Exercise aim ▸ The line containing "Illuminate sacred rituals" and each line after it, through the final line of the data, are to be retyped exactly, with pictures left out.

Stored data ▸
▶

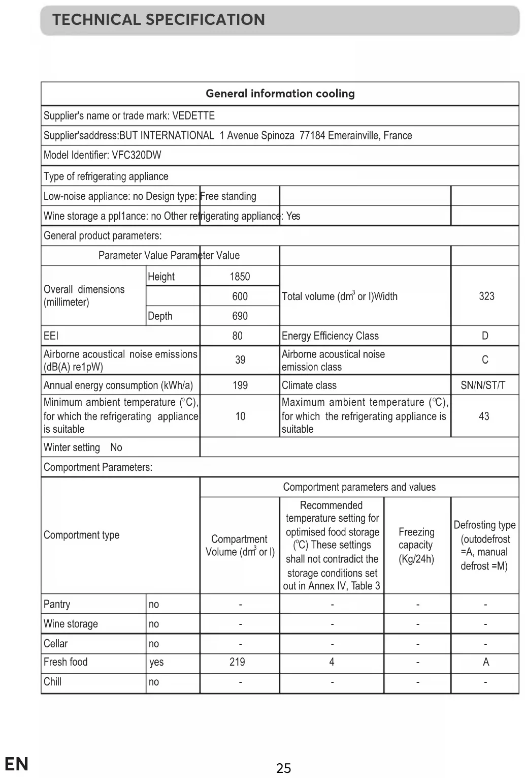 VFC320DW - Fridge VEDETTE - Free user manual and instructions
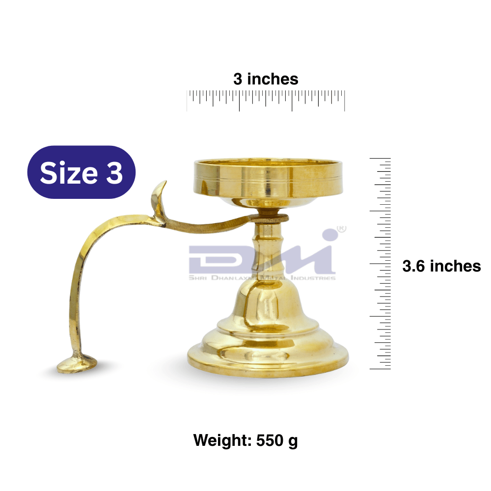 Illuminate sacred rituals with the DMI Brass Alang Dhuparti Size No.3, a traditional dual-purpose lamp designed to offer both dhoop and diya in one elegant structure. Crafted from premium brass, this diya brings together light and fragrance to create a calm, spiritually uplifting atmosphere during worship.
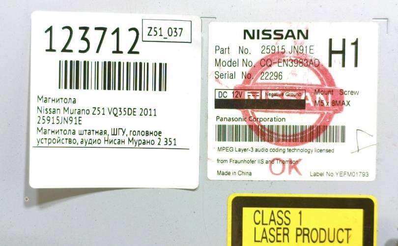 Магнитола Nissan Murano 2011 25915JN91E Z51 VQ35DE

◀

Solution to the problem ▸
 Illuminate sacred rituals with the DMI Brass Alang Dhuparti Size No.3, a traditional dual-purpose lamp designed to offer both dhoop and diya in one elegant structure. Crafted from premium brass, this diya brings together light and fragrance to create a calm, spiritually uplifting atmosphere during worship.
 Магнитола Nissan Murano 2011 25915JN91E Z51 VQ35DE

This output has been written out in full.